The candidate data bases that were considered included the data bases available in the FHWA Highway Safety Information System (HSIS) and data bases from non-HSIS States. The two existing State data bases that were found to be best suited to this effort were those maintained by the California Department of Transportation (Caltrans) and the Washington State Department of Transportation. A detailed review of these data bases was made and trips were made to each agency to discuss the collection and coding of their data. At the time of this review, FHWA had reached a decision to include both California and Washington as new States in the HSIS, so it was apparent that data from both States would be readily available in HSIS formats.
The Caltrans highway data base, as part of the Traffic Accident Surveillance and Analysis System (TASAS), was found to include a file containing data on each individual ramp on the California State highway system. This file identifies the configuration of each ramp (e.g., diamond, loop) and includes an estimate of the annual average daily traffic (AADT) volume for each ramp. Each ramp is identified by the county, route number, and milepost of the gore area at which the ramp entered or exited from the mainline freeway. The locations of accidents on each ramp are identified by a code indicating whether the accident occurred at the beginning of the ramp, in the middle of the ramp, at the end of the ramp, or on the arterial crossroad (when the arterial crossroad was not a State highway with its own mileposting system). However, no data on the geometrics of individual ramps were included in the data base. If geometric data were to be considered in statistical analyses, they would have to be obtained from aerial photographs, photologs, or field visits.
The Washington data base also included data on each ramp in the State highway system.

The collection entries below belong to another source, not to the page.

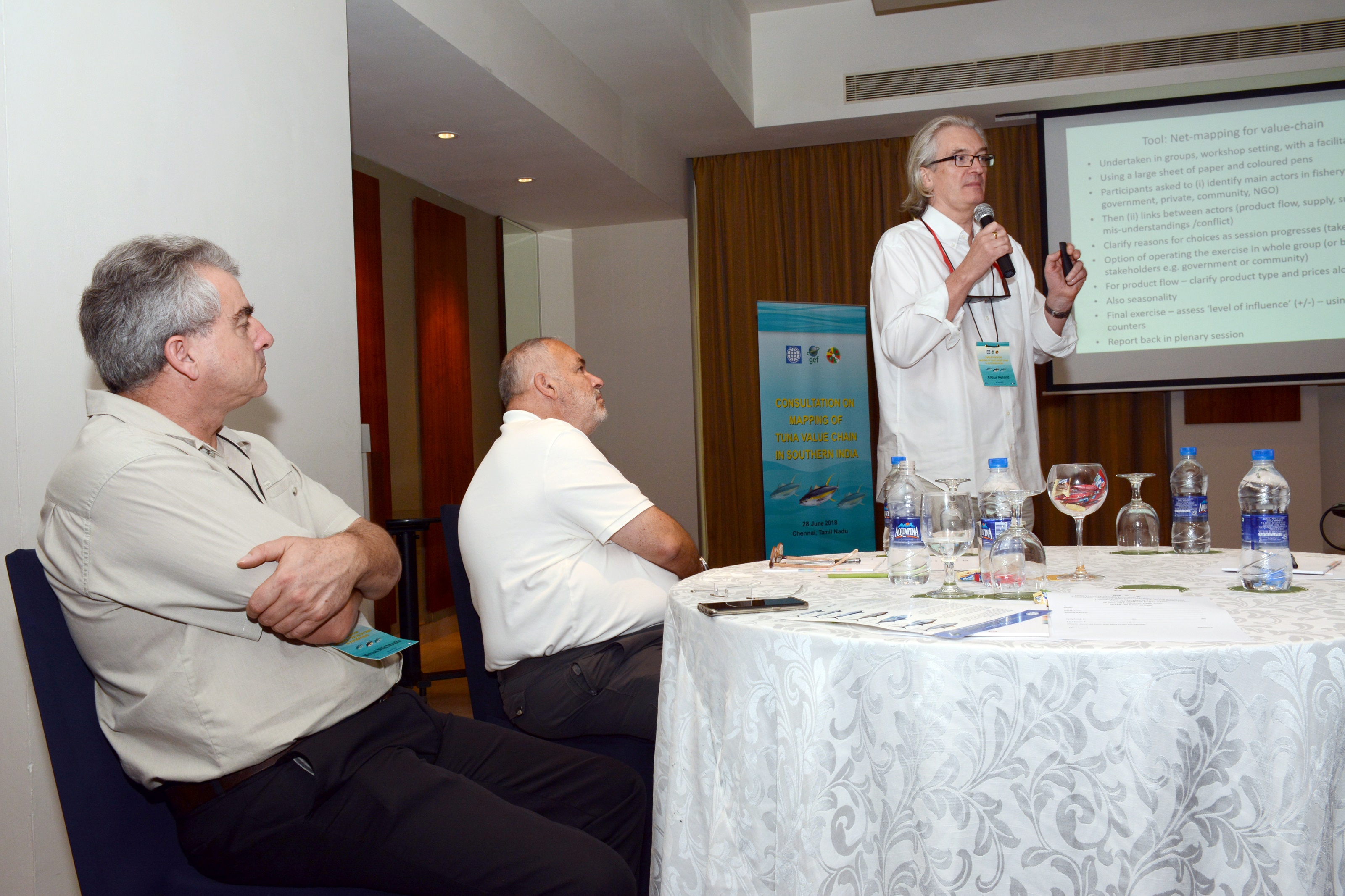 A Workshop was held to map the tuna value chain in southern India on 28 June 2018. The objectives of the Workshop are to describe the tuna value chains in south India with the help of stakeholders; To better understand the key issues involved; and to use the results to inform the work of the Ocean Partnership Project being implemented by the BOBP with a funding from the World Bank (TF 018233). Twenty-four Participants representing exporter/processing sector, fishers and scientists took part. The outputs of the Workshop are mapping of tuna value chain in eastern and western coast of Southern India. Following are some moments from the Workshop.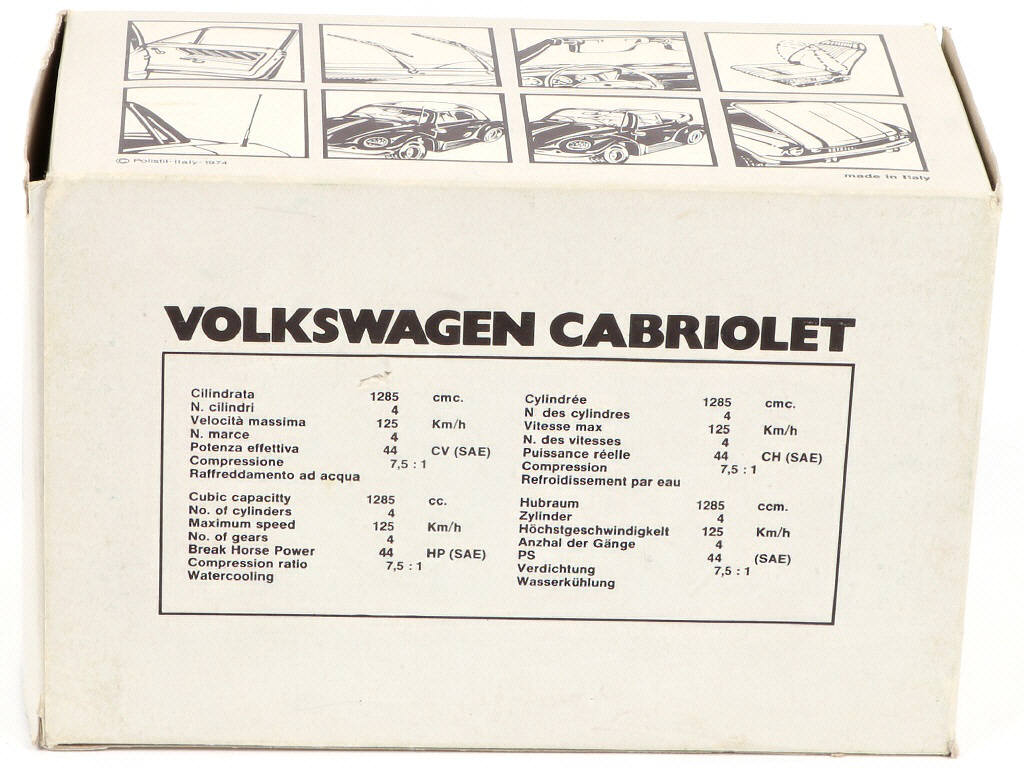 échelle 1/25ème - avec capote dépliée & repliée amovible (un petit ergot de cassé) - version avec antenne, intérieur beige foncé & pneus avec bande de roulement crantée
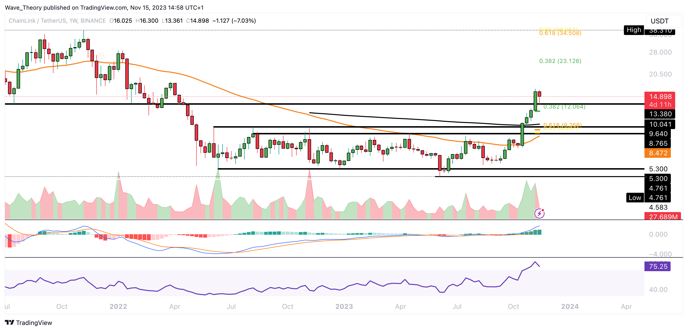 Sollte Chainlink die Aufwärtsbewegung mittelfristig fortsetzen, warten bei rund 23 USD und 35 USD die nächsten signifikanten Fib Widerstände. Das entspricht einem Aufwärtspotenzial von rund 55 %.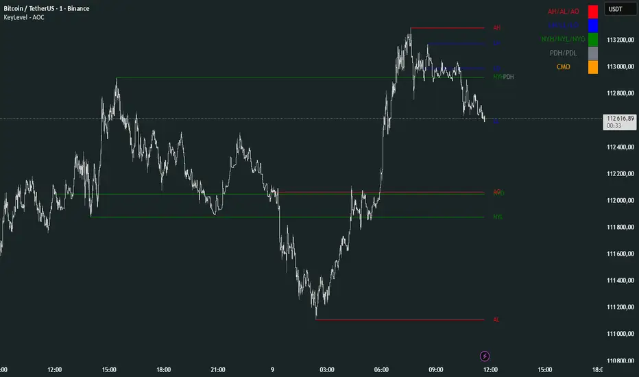 ✨ Features📈 Session Levels: Tracks high, low, and open prices for Asian, London, and New York sessions.📅 Multi-Timeframe Levels: Plots previous day, week, month, quarter, and yearly open/high/low levels.⚙️ Preset Modes: Choose Scalp, Intraday, or Swing presets for tailored level displays.🎨 Customizable Visuals: Adjust colors, line styles, and label abbreviations for clarity.🖼️ Legend Table: Displays a color-coded legend for quick reference to session and period levels.🔧 Flexible Settings: Enable/disable specific sessions or levels and customize UTC offsets.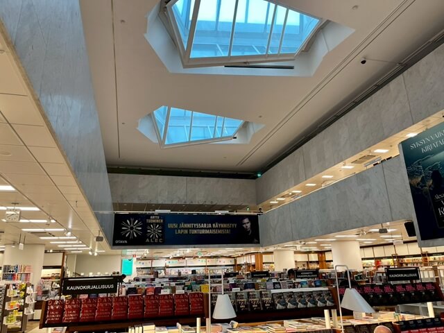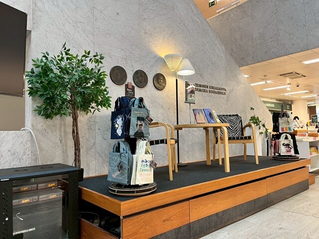 書店内にある椅子やランプが可愛いく、アアルトがデザインしたアルテックの家具のようでした。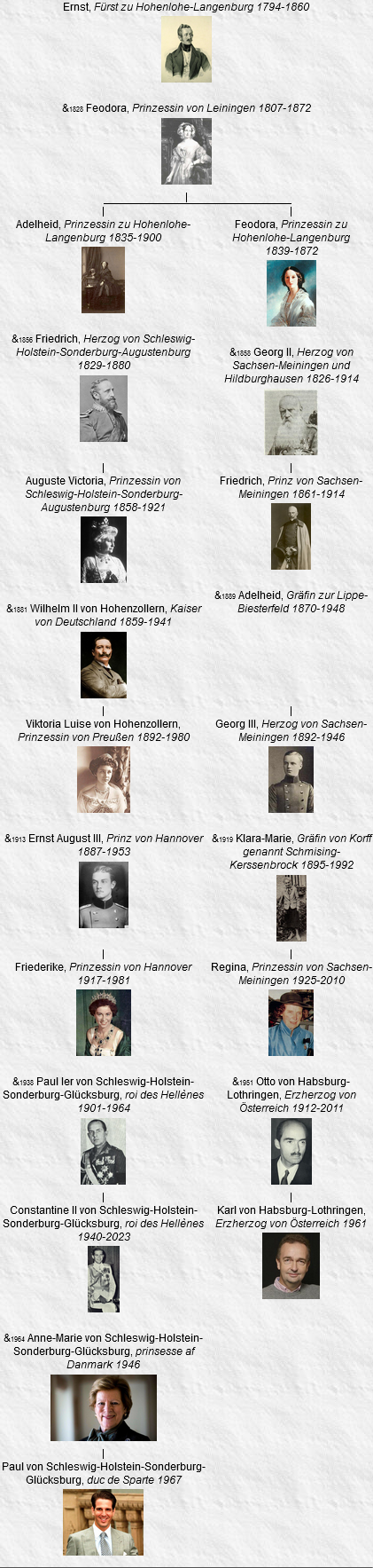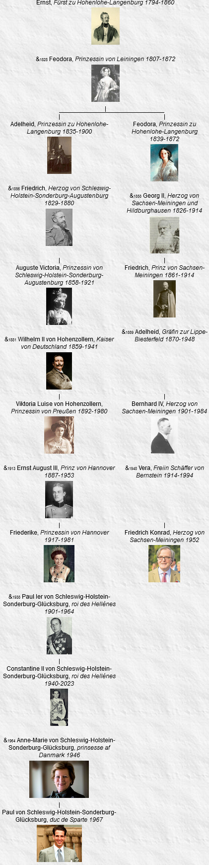 47 Adelheid, Prinzessin zu Hohenlohe-Langenburg, née le 20 juillet 1835, Langenburg, décédée le 25 janvier 1900, Dresden (à l’âge de 64 ans).
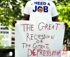 一失业者手持“经济大衰退或经济大萧条”牌子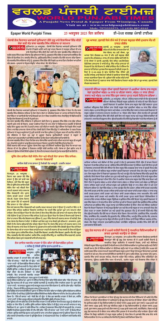 Posted inਈ-ਪੇਪਰ World Punjabi Times-25.10.2025 Posted by worldpunjabitimes October 25, 2025No Comments 25.10.25Download Share this:Post Click to share on WhatsApp (Opens in new window) WhatsApp worldpunjabitimes View All Posts Post navigation Previous Post ਪੰਜਾਬ ਸਟੂਡੈਂਟਸ ਯੂਨੀਅਨ ਵੱਲੋਂ ਸਰਕਾਰੀ ਬ੍ਰਿਜਿੰਦਰਾ ਕਾਲਜ ਵਿਖੇ ‘ਬਲੈਕ ਡੇ’ ਮਨਾਇਆNext Postਸ਼ਮਸ਼ੇਰ ਸ਼ੇਰੀ ਦੀ ਬਰਸੀ ਮਨਾਉਣ ਸਬੰਧੀ ਮੀਟਿੰਗ ਹੋਈ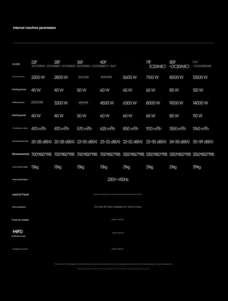 Die neue zentrale Klimatisierungsserie konzentriert sich auf Energieeffizienz und stabile Kühlleistung. Xiaomi hat ein offizielles Parameter-Vergleichsdiagramm veröffentlicht, das mehrere Leistungsvarianten zeigt, darunter ein 7-PS-Modell, das noch nicht offiziell veröffentlicht wurde.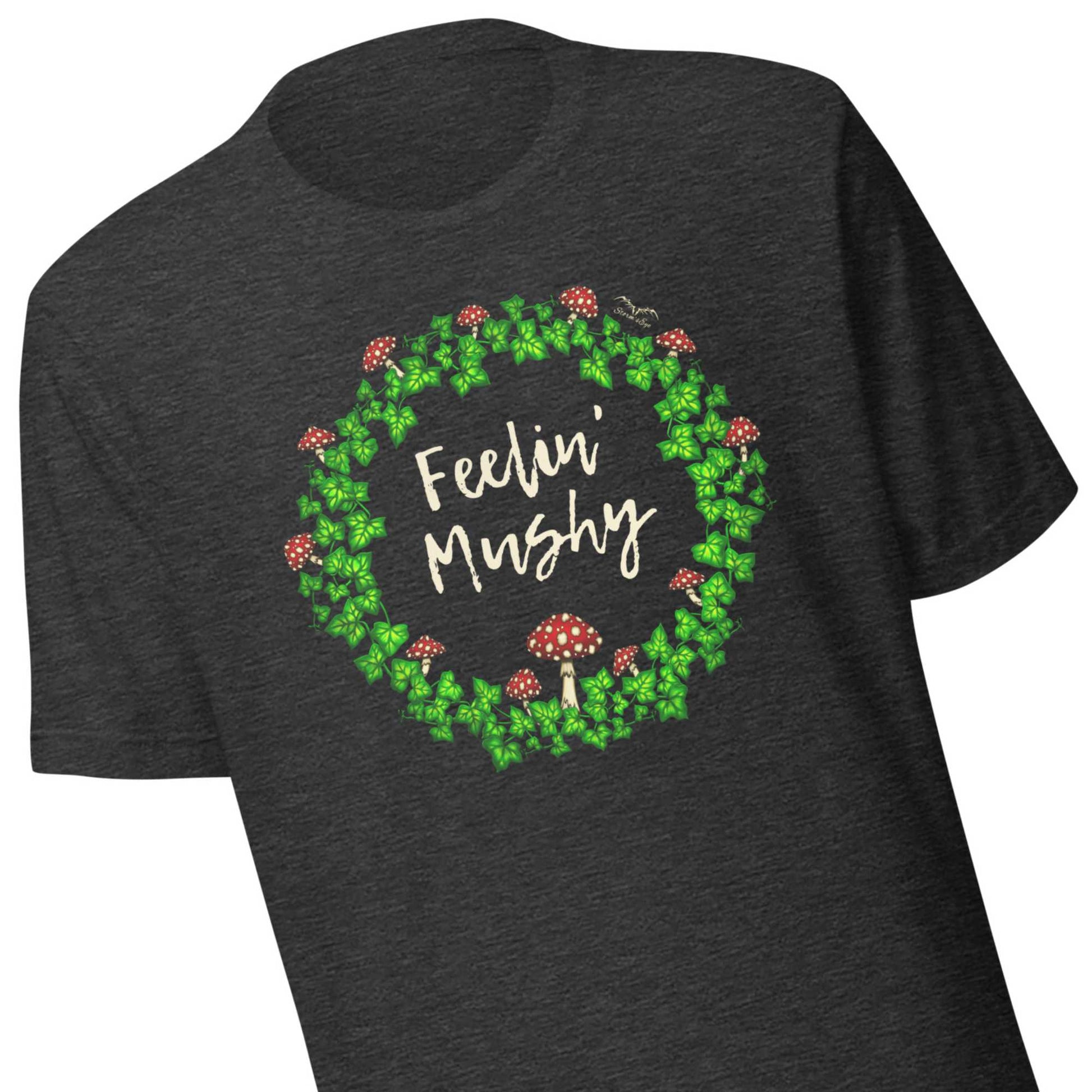 100% cotton 'Feelin' Mushy' mushroom lover graphic shirt in 8 colours - cottagecore fairy ring design with fly agaric toadstools, foliage and 'Feelin' Mushy' slogan. Art by Stormseye.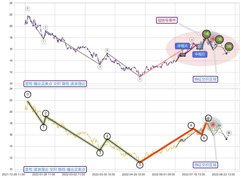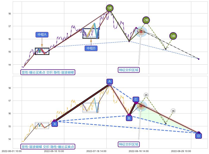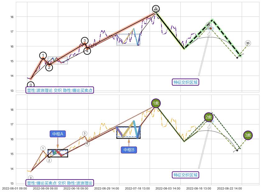➣ 缠论买卖点:猜想2卖持续蓄力下跌至3卖 → 下跌 → 风险信号 → 小趋势跟踪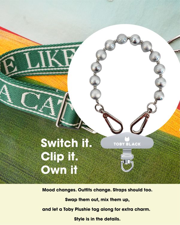 Welcome to the world of personal expression. This is where functionality meets personal flair. Our straps and charms are the finishing touches that transform your favorite pieces, turning a simple bag into a signature statement. Imagine giving your go-to Toby Bag a new personality in an instant. That is the magic of our interchangeable strap collection. It is the joy of customization, the ability to make a piece uniquely yours with a simple, satisfying click. Discover a world of textures at your fingertips. Experience the smooth texture of real leather, which narrates a tale with each use. Sink your hands into the cloud-like softness of our plush faux fur straps. Admire the elegant drape of a woven design or the delicate shimmer of a beaded strand.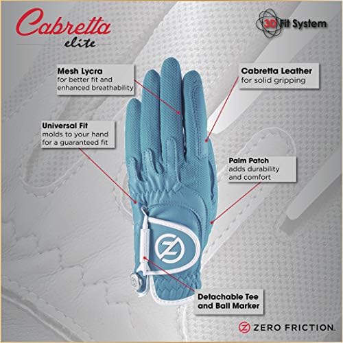 Every glove includes a detachable tee and ball Marker. Zero Friction unique compression-fit technology, 100% authentic cabarets leather glove gets a make-over with matching lira colors. The elite glove is crafted with reinforced lira throughout finger, back of hand & palm for maximum strength, durability and enhanced breathability. The luxurious cabarets leather gives every golfer the ultimate glove experience allowing for maximum grip in almost all elements.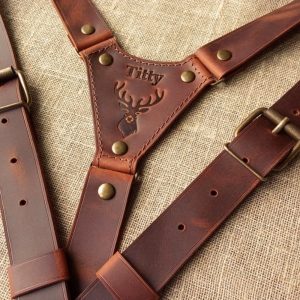 Rustic (Dark Cognac) Leather suspenders Personalized Personalized Gifts For Men Suspenders Wedding Suspenders Mens Braces For Grooms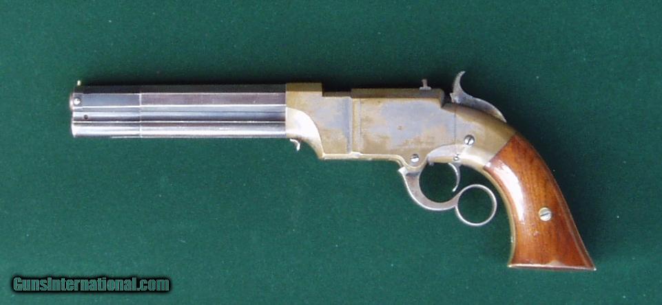 Description: Rare Volcanic large frame pistol w/ 6" barrel. Estimates are that fewer than 300 of the Volcanic large frames were made with a 6" barrel. The Volcanic company was short lived, having been established by Horace Smith & Daniel Wesson with their business partner in 1854. Subsequently, Oliver Winchester acquired the assets in 1857 and moved the company to New Haven, CT as the New Haven Arms Company. B. Tyler Henry was hired as superentendant and before too long, the Henry rifle was the result of the Volcanic progression. The brass receiver retains 30-40% of the original silver wash. The barrel & magazine tube retain 70-75% original blue. The grips show sharp edge wear w/ a few minor nicks while retaining most of their original factory varnish. Seeminly unique to this gun is a small, ~1/8" hole in the left front rib about a 1/4" from the muzzle. Perhaps this was to oil the barrel loading sleeve? Mechanics are fine; the bore w/ good shine w/ minimal pitting. Barrel address is crisp. A really nice piece from the Volcanic/Henry/Winchester era! SOLD Antique: Yes Manufacturer: Volcanic Repeating Arms Company Model: Large Frame w/ 6" barrel Serial Number: 852 Caliber Info: .41 Condition: Fine |
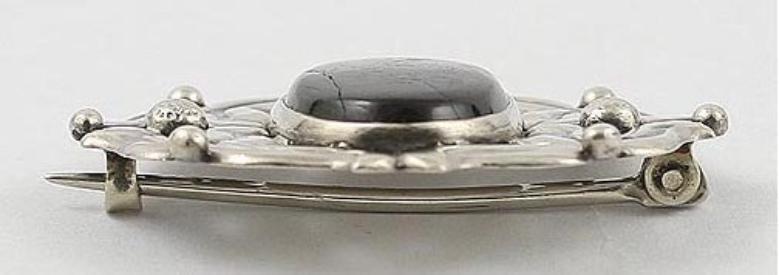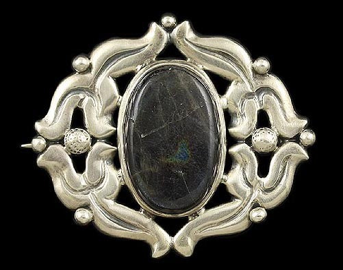 Lovely Arts Crafts Sterling Silver Iridescent Stone Pin Brooch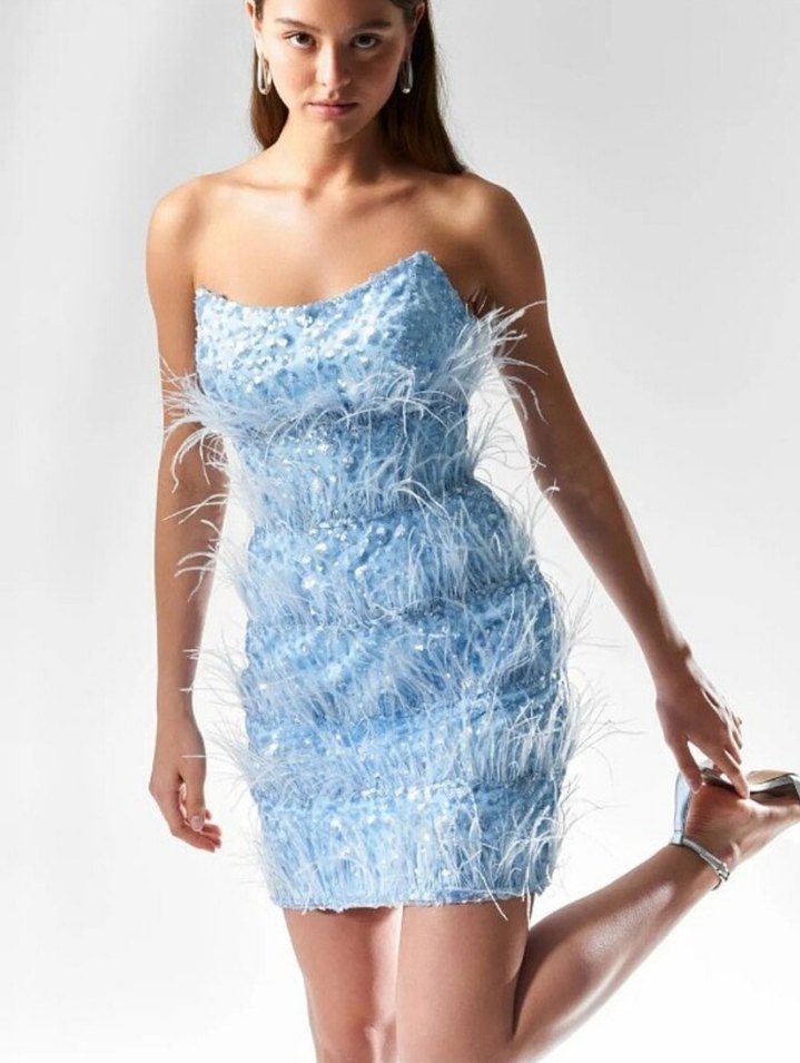 Mavi, tüylü detaylı, straplez ve mini uzunlukta, vücuda oturan bu elbise partiler için modern ve şık bir seçimdir. Tie-dye deseniyle dikkat çeker.

While the Washington data base did not include data on the ramp configuration, it did include a number of key geometric variables that were not available in the Caltrans data base. In particular, the Washington data base defined the cross section of each ramp (e.g., number of lanes, surface width, shoulder width), including variations in the dimensions of these cross-section elements along the length of the ramp. Accident locations were defined by mileposts along each individual ramp, which made it possible to link the accident data to particular geometric features of the ramp. For example, it was found that with some manual data reduction from existing interchange diagrams maintained by the Washington State DOT, it would be possible to distinguish ramp accidents from speed-change lane accidents. Although ramp configuration data were not available in the existing data file, it was also found that this could be determined directly from the interchange diagrams. Several other barriers to using the data (discussed in section 4) were also identified, but it was determined that these barriers could also be overcome through some manual data reduction.
The only major concern with the Washington data files was that traffic volume data were not available for every ramp. A separate ramp traffic volume file was available, but it included AADT data for only about 67 percent of the ramps. Previous research has shown that traffic volumes are the strongest predictor of ramp accident experience.
Based on the factors discussed above, it was decided that the advantages of the Washington data base were so great that they outweighed the lack of traffic volume data. The Washington data base includes geometric data for ramps at a level of detail that is not available for any other State. Thus, a decision was reached to obtain and use the existing Washington data, but to limit the analyses conducted to those ramps for which AADT data were available.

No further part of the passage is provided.